Fast Facts: Multilateral Wells
  • TAML Levels: 1–6, increasing junction complexity, cost, and re-entry capability
  • Lateral count: 2–6 laterals most common; up to 11 in Maximum Reservoir Contact (MRC) wells
  • MRC wells: Saudi Aramco concept — extremely long horizontals (10+ km total contact) from a single wellhead in giant Arabian carbonate reservoirs
  • Economic case: 1 multilateral vs 3 individual wells — capital saving of 30–60%, depending on lateral count and junction complexity
  • Flow control: intelligent completion with ICVs (inflow control valves) enables selective production or shut-in of each lateral
  • Reservoir application: stacked pays, fault block optimisation, pad drilling efficiency, thin reservoirs requiring long reach
  • Production log challenge: flow profiling in multilaterals requires downhole gauges at each junction — surface allocation alone is insufficient
  • Key vendors: Halliburton, SLB (Schlumberger), Baker Hughes, Weatherford (junction systems)
Well Engineering Tip:

Match the TAML level to the real production control requirements — not to the highest available technology. A TAML Level 6 junction costs 2–4× a Level 3 junction; if you do not have downhole intelligent completion equipment or a specific requirement for re-entry workover capability in each lateral, Level 3 or 4 provides the necessary drainage with less cost and complexity. The most common mistake in multilateral well design is specifying Level 5–6 for a production well that will be commingled and monitored only from surface gauges — the junction complexity adds cost and completion risk without delivering additional reservoir management benefit. Conversely, for deepwater or subsea wells where any re-entry workover requires a costly well intervention vessel, specifying Level 4 at minimum is justified even if current plans do not include workover — the incremental cost of the better junction at construction is far less than the cost of a rig-based workover to repair a failed open-hole junction 10 years into production.

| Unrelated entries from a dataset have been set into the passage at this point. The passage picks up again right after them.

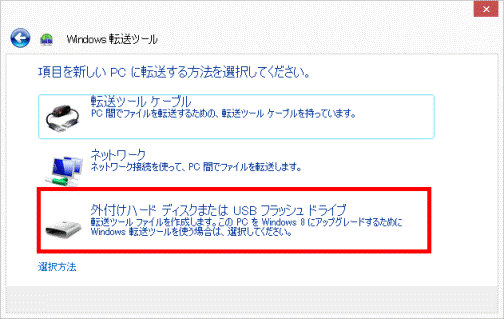 - 「項目を新しいPCに転送する方法を選択してください。」と表示されます。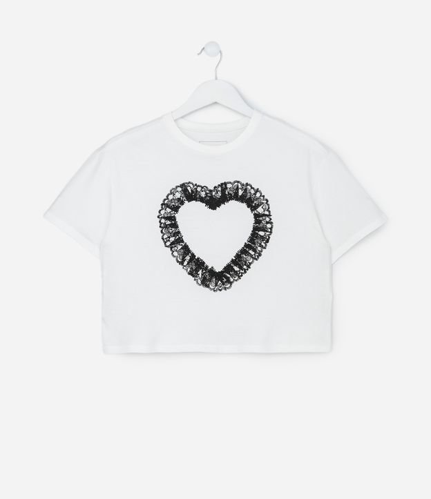 Camiseta Infantil Relaxed com Estampa de Coração – Tam 5 a 14 Anos Branco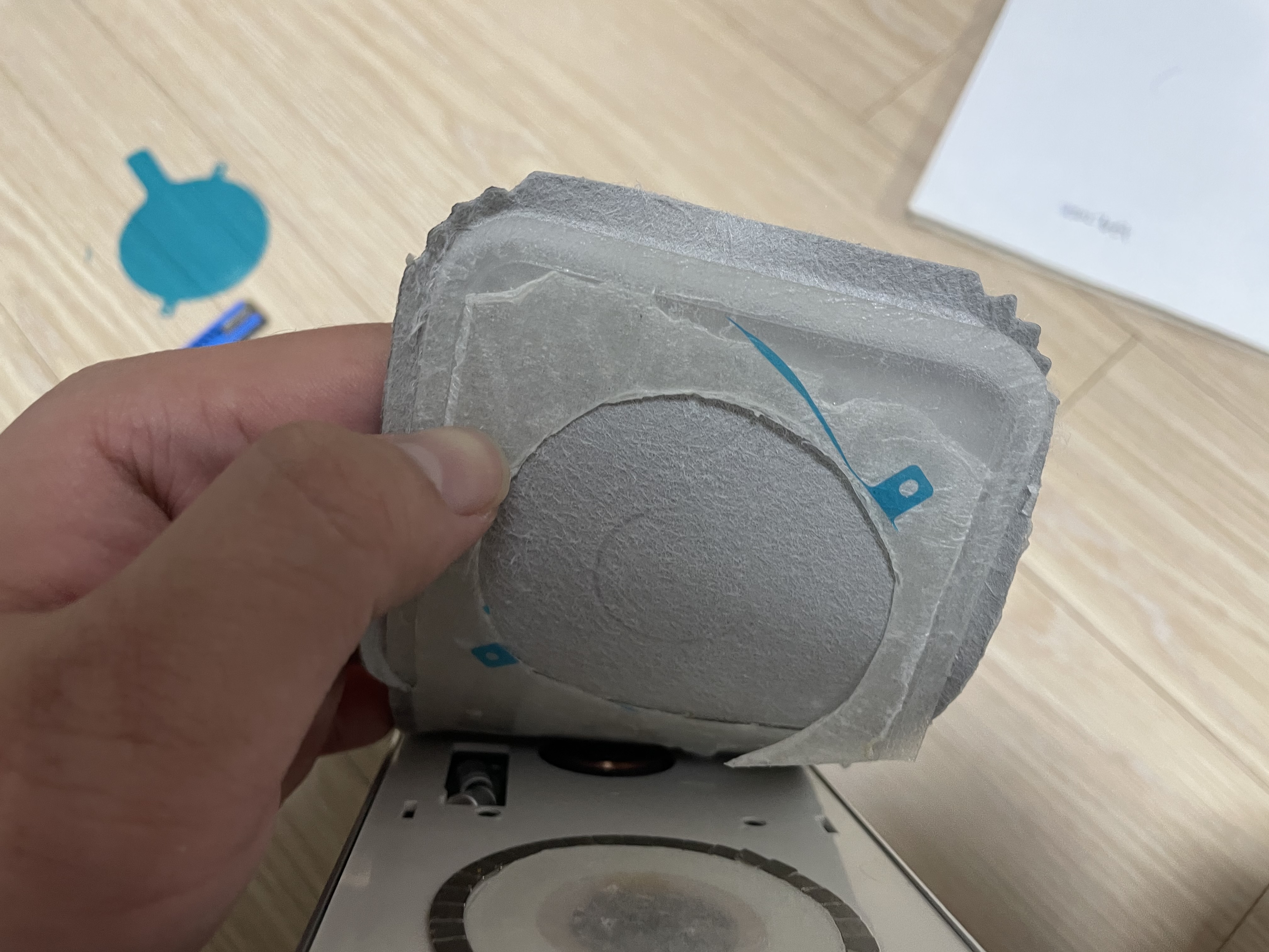 다시 패드 덮개에 드라이기로 열을 가한 뒤 떼내려는데.... 자석이 같이 떨어져 나와서 모양이 찌그러져 버리는 대 참사가 발생했다.

Multilateral wells are also referred to as:

  • Dual lateral — a two-branch multilateral, the simplest configuration; often used for accessing two separate reservoir sands
  • Trilateral — a three-branch configuration; common in stacked pay scenarios
  • Maximum Reservoir Contact (MRC) well — Saudi Aramco's term for ultra-long horizontal multilaterals designed to maximise reservoir drainage from a single wellhead in giant carbonate reservoirs
  • Fishbone well — a horizontal main bore with multiple short lateral branches (fishbone pattern), maximising drainage area in tight or thin reservoirs

Related terms: Horizontal Drilling, Directional Drilling, Intelligent Completion, Inflow Control Valve

Frequently Asked Questions About Multilateral Wells

What are the main challenges in multilateral well completion?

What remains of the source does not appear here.